WORK INSTRUCTION:
Transcribe exactly, and only, the lines that fall between the line containing "9月14日(月曜日)の歩数は" and the last line of the material, both ends included, omitting any pictures.

SUPPLIED DATA:
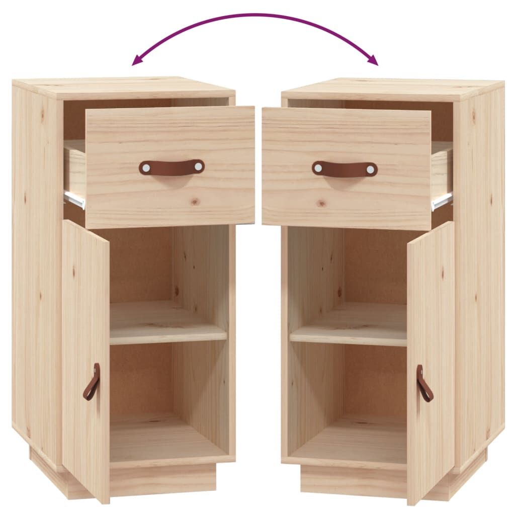 This classic wooden sideboard is a perfect addition to your bedroom, living room, or office, creating a lasting impression! Sturdy material: Solid pine wood is a beautiful natural material. Pine wood has a straight grain, and the knots give the material its signature, rustic look.Ample storage: This sideboard has 2 compartments and a drawer, providing ample storage space for keeping your magazines, books, DVDs and multimedia devices well-organised and within reach.Displaying function: The sturdy top of this side cabinet is a perfect spot for displaying your favourite decorative objects, photo frames and potted plants. Warning:In order to prevent overturning, this product must be used with the wall attachment device provided. Note:Each product comes with an assembly manual in the box for easy assembly.
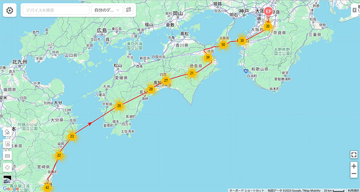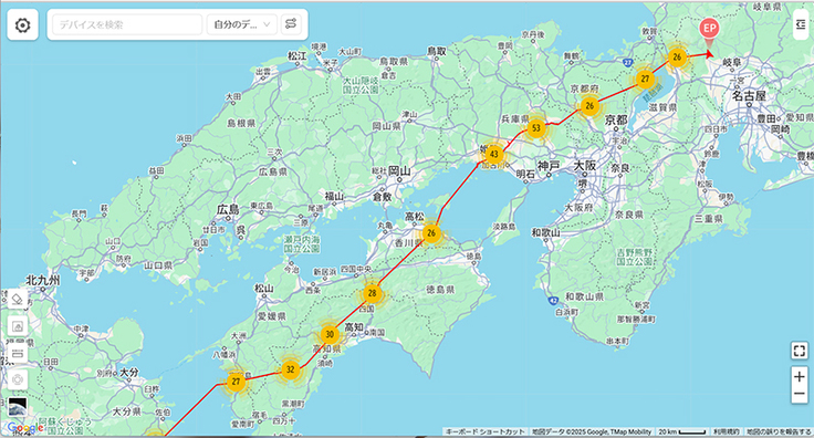 昨日、今日と天候は芳しくないですが、先に出発した5個体からはデータが送らてきました。龍郷小個体はほとんど動いていなかったようですが、今日は雨雲も通過したようなので動きがあるかもしれないですね。
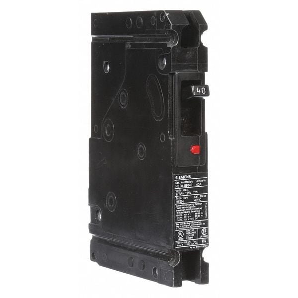 Molded Case Circuit Breaker, 40 A Amps, AC Voltage Rating 277V AC, Max. AIR Rating 25kA at 277V AC, For Use With SB Switchboards, Sentron Panelboards, Series HED4, High Amp Trip Setting 40 A, Low Amp Trip Setting 40 A, Circuit Breaker Type High Interrupting Capacity, Number of Poles 1, DC Voltage Rating 125V DC, Terminal Connection Load Side Lug, Trip Type Thermal Magnetic, Phase Single, Instantaneous Trip Fixed, Phase Connection Any, Frame Size 125A/ED
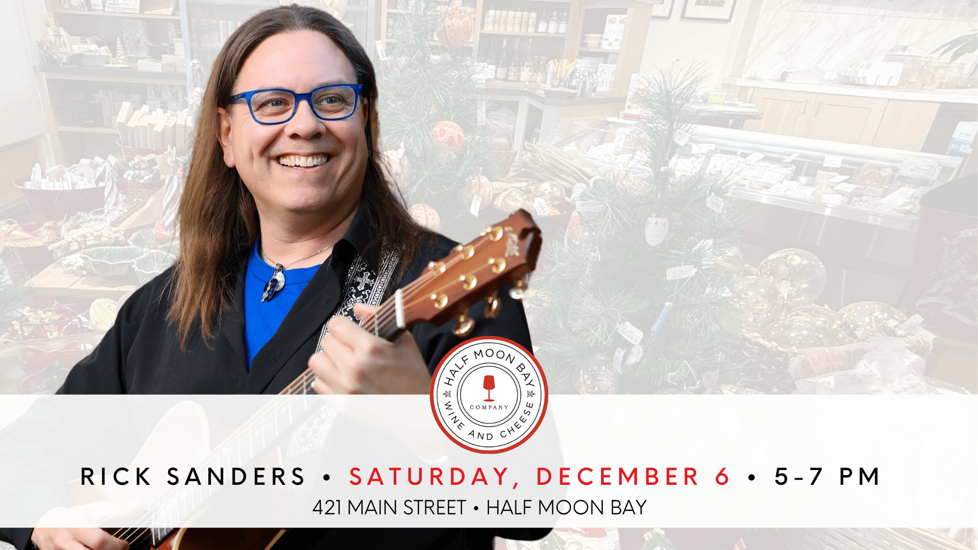 Mark your calendar for Saturday, December 6 when the talented Rick Sanders takes the stage with mix of 70s–90s favorites — all performed with his amazing live-looping magic.
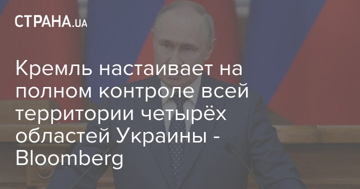 Президент Російської Федерації Володимир Путін наполягає на тому, що у рамках будь-якої мирної угоди Москва має контролювати всю територію чотирьох областей України: Донецької, Луганської, Херсонської та Запорізької.
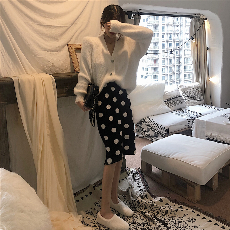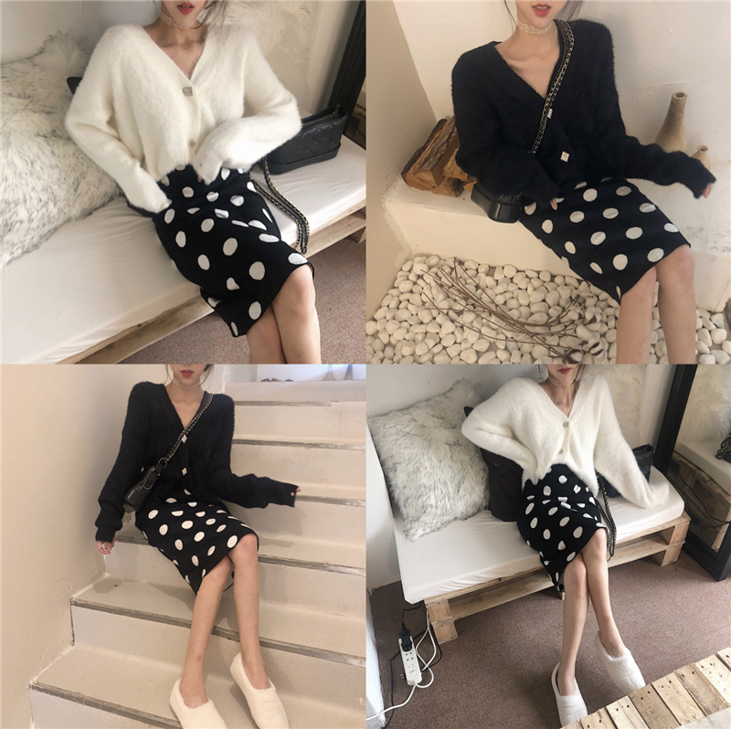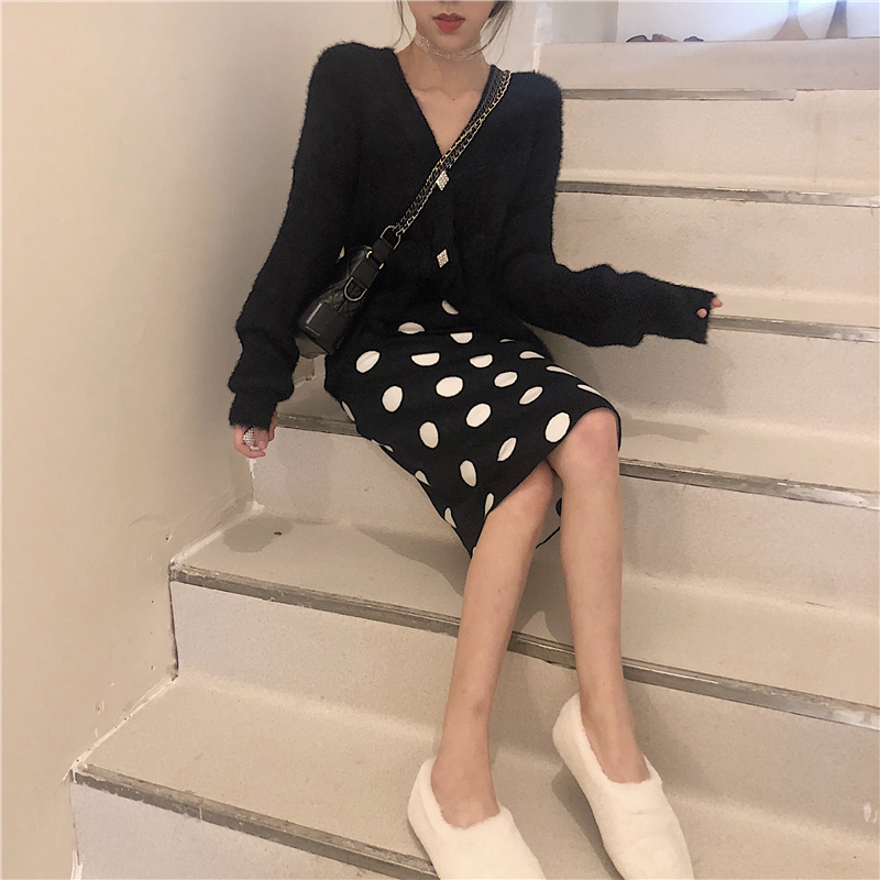 / 時尚套裝慵懶風網紅新款針織開衫高腰針織包臀波點半身裙兩件套女
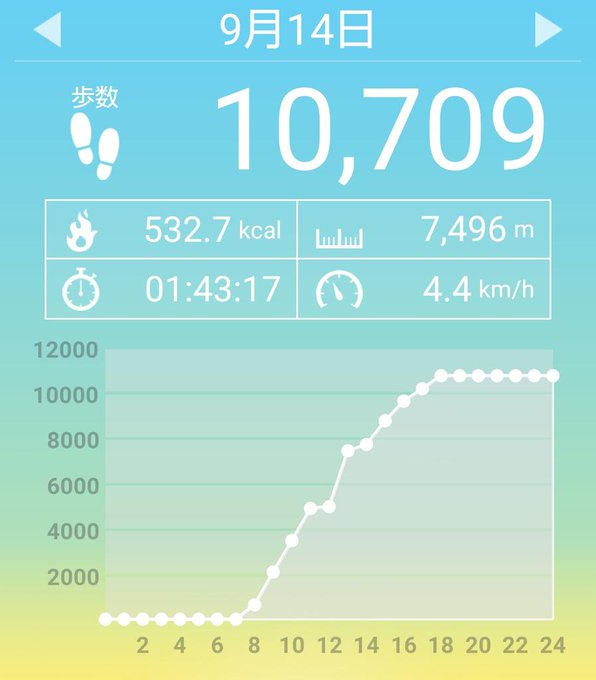 9月14日(月曜日)の歩数は10709歩、消費カロリーは537キロカロリー。 pic.twitter.com/cE3emHkLQl
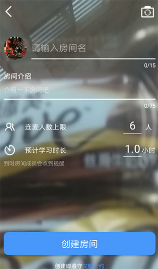 2、接下来需要按照软件的提示输入“房间名”、“房间介绍”的信息,设置“连麦人数上限”和“预计学习时长”,从而开启连麦房间

OUTPUT OF THE TASK:
 9月14日(月曜日)の歩数は10709歩、消費カロリーは537キロカロリー。 pic.twitter.com/cE3emHkLQl
 2、接下来需要按照软件的提示输入“房间名”、“房间介绍”的信息,设置“连麦人数上限”和“预计学习时长”,从而开启连麦房间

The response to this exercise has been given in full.